Learning #2: Work more strategically, identifying key stakeholders and their concrete needs rather than making assumptions and jumping into analysis.
During these stakeholder meetings, we came up with one or two concrete use cases that we could explore with each group right away. By breaking down and exploring individual use cases, we avoided devoting large chunks of time to creating a bulky report that lacked context—a report that stakeholders might skim briefly, then discard. Pursuing individual use cases enabled easier execution, evaluation, and refinement.
By starting small, we could focus our efforts on the most important use cases, then build on our success over time. By demonstrating clear impact and positive outcomes early on, we increased stakeholder buy-in and confidence.
Learning #3: Break large daunting tasks into more manageable chunks, then iterate, test, and refine incrementally.
The next time you feel overwhelmed by large amounts of data, take a deep breath and acknowledge that you already have the skills you need.

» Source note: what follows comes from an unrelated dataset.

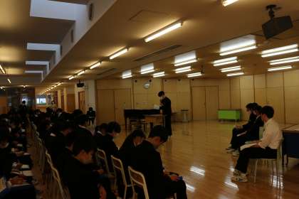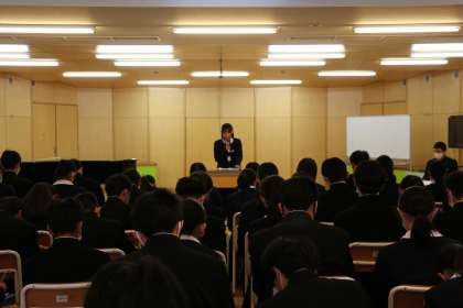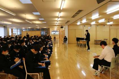 先輩の3年間の学校生活の経験から生まれた実感のこもったアドバイスや励ましの言葉に、1年生の生徒達は、メモを取りながら、話し手の先輩に真剣な眼差しを向けて、話を聴いていました。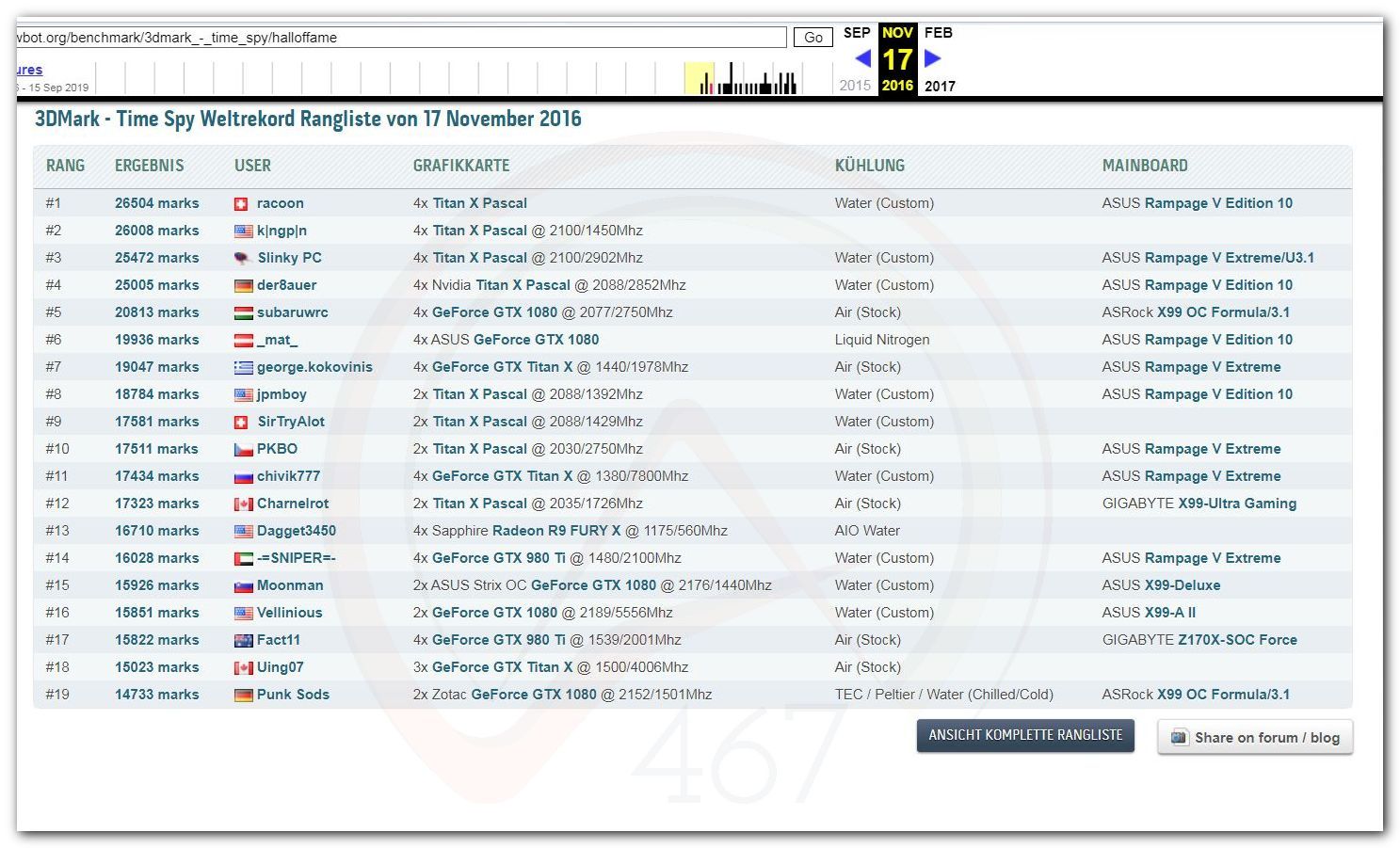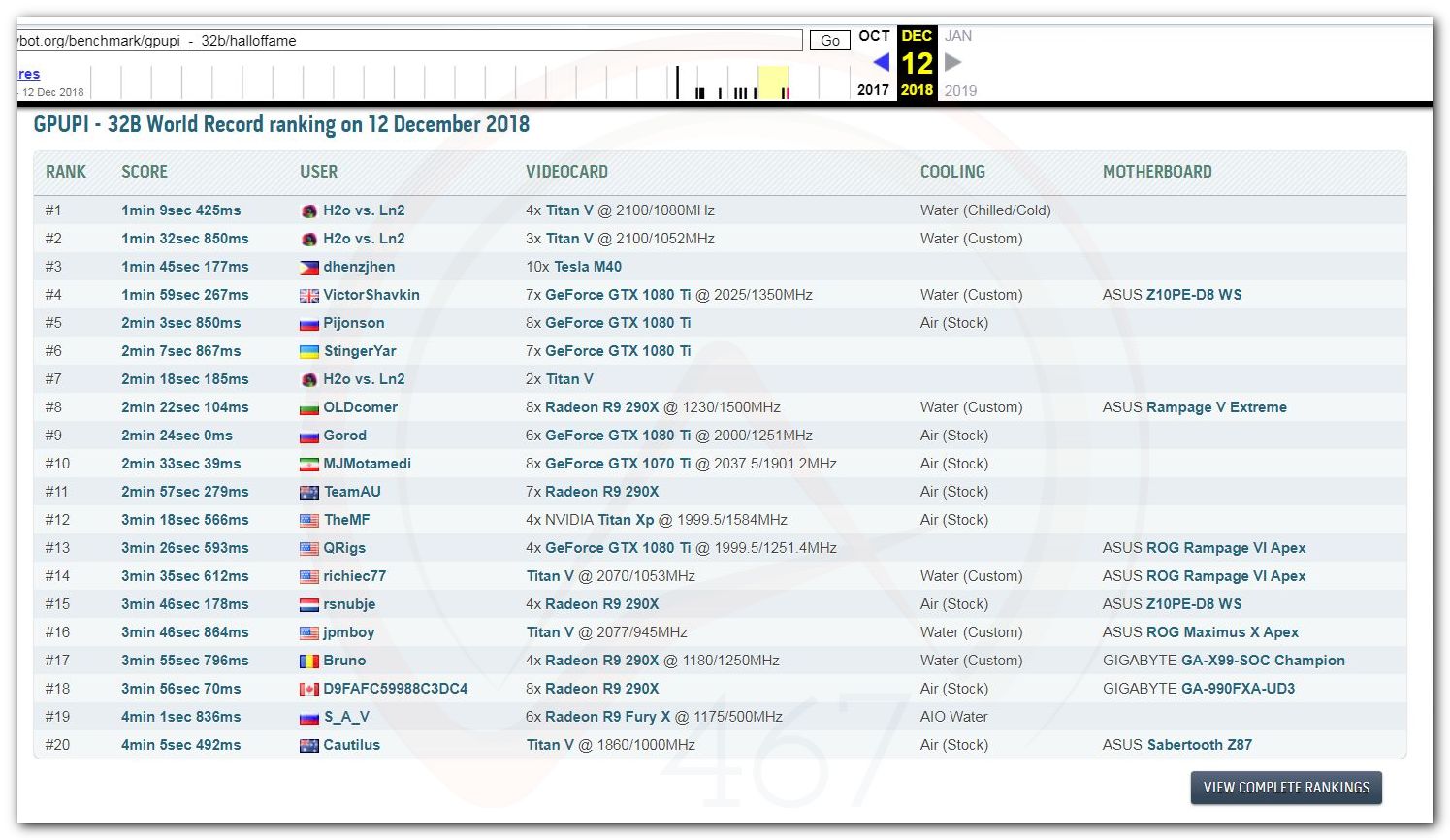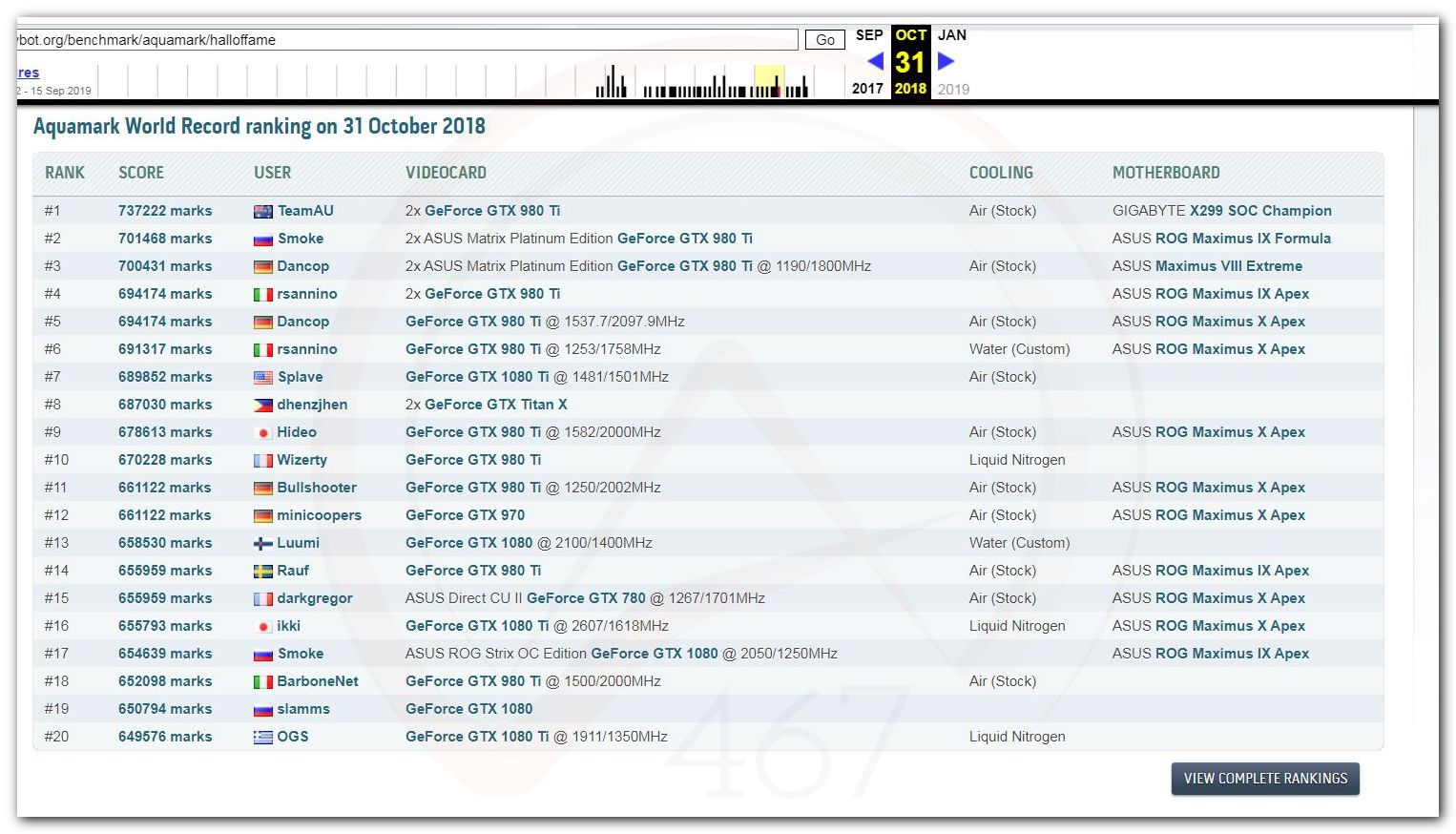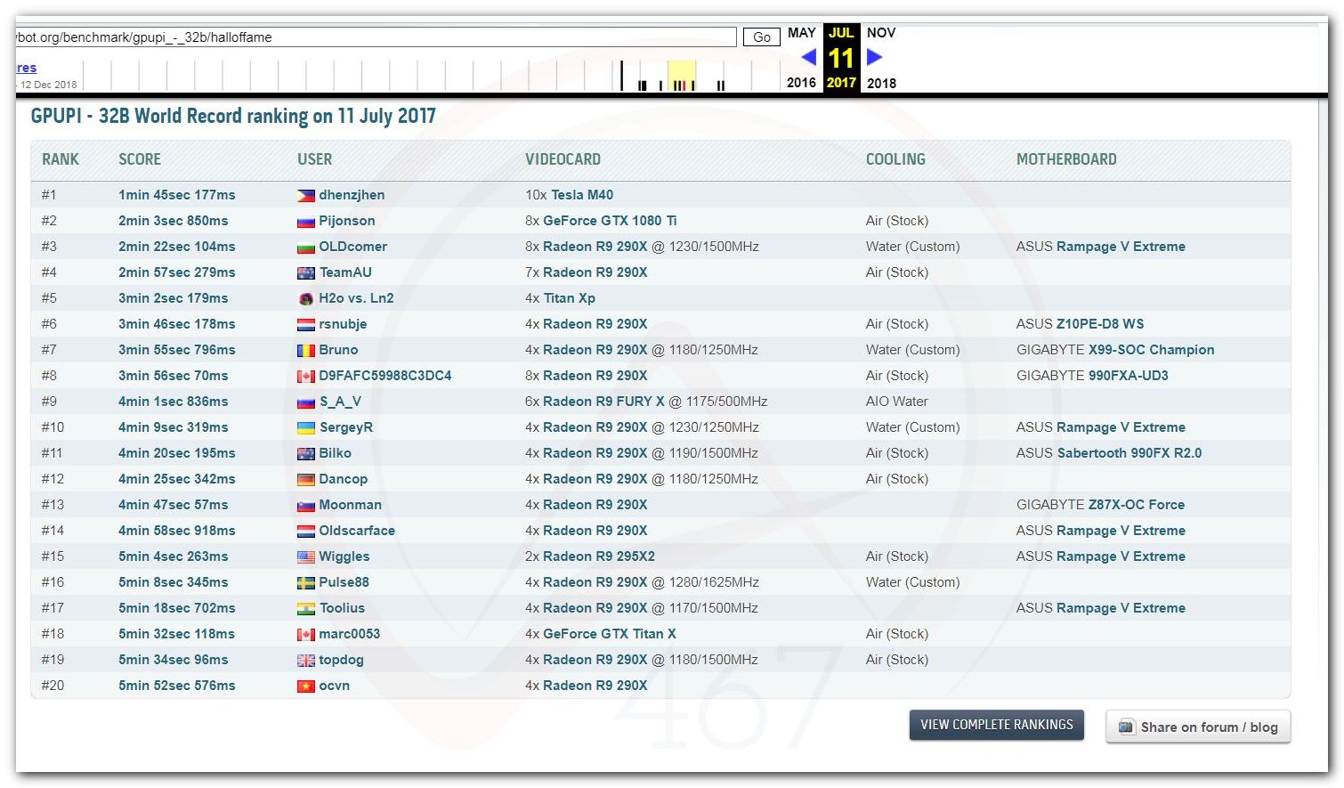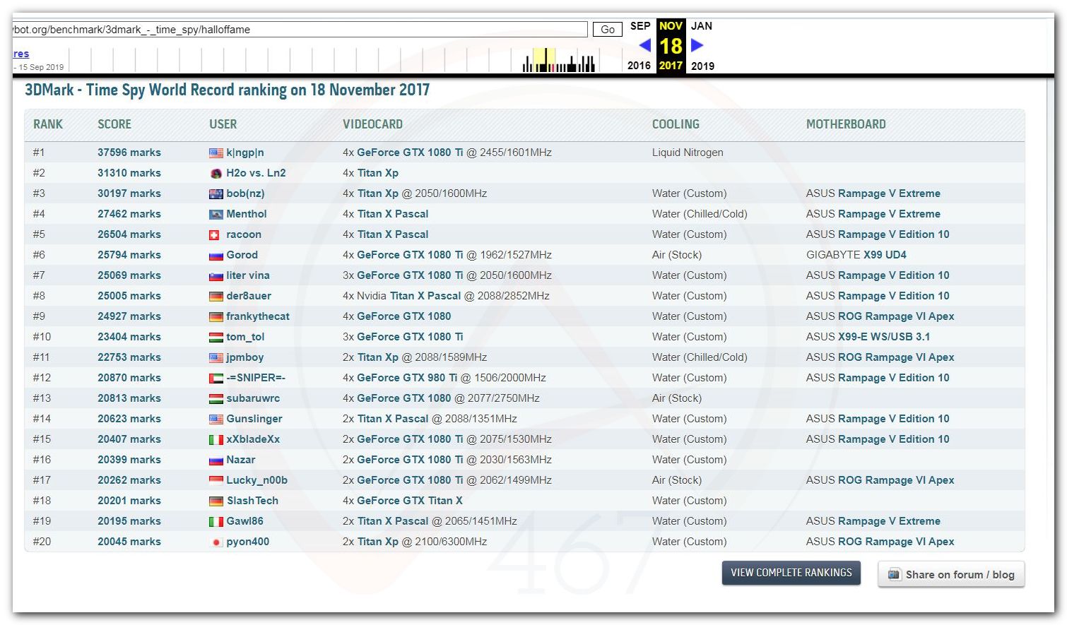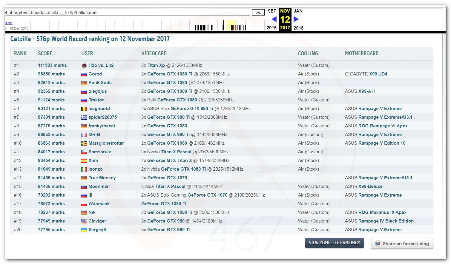В 2000г. наверное самый бум наступил в момент появления 3DMark2000 и далее 2001, и создания базы этих результатов ORB на сайте MadOnion. В последствии перекочевала на Futuremark.

Take a step back and think about what you’re trying to achieve overall. Ask yourself these questions:
- What is your ideal outcome?
- Who are your stakeholders?
- What are they trying to accomplish?
- What data is available?
- What analytical methods are available?
- How can you use this data to help answer your stakeholders’ burning questions?
- Who else can help you analyze the data?
- How can you make your output optimally digestible and impactful?
Applying Design Thinking When Working with Data
You can apply the design-thinking process shown in Figure 1 when tackling data problems.
Image source: “What Is Design Thinking? A Comprehensive Beginner’s Guide,” by Emily Stevens, on Career Foundry.
To act on your product-usage data, follow these steps:
- Empathize—Identify the stakeholders for your data analysis.
- Define—Identify your stakeholders’ main goals, questions, and the problems they need to solve.
- Ideate—Determine concrete use cases for the data for each set of stakeholders.
- Prototype—Compile, synthesize, and analyze the relevant data for each use case.
- Test—Present your data findings and insights to your stakeholders, asking whether they’re useful and actionable.
- Iterate and refine—Based on stakeholder feedback, iterate and refine your analysis and data presentation as necessary.
- Expand—Add more use cases and repeat this process.
Data collection alone is not enough. You need to make sense of your data, then act on it. Instead of becoming overwhelmed by analysis paralysis and falling into inaction or waiting for the perfect solution to come to you, jump in and put your design-thinking skills to work. Identify the key stakeholders who could and should act on the available data, then learn about and understand their core questions. Instead of working in isolation and making assumptions, collaborate with your stakeholders to review the available data and brainstorm possible use cases. Working together and starting with concrete use cases can save you countless time and effort and make your work infinitely more impactful.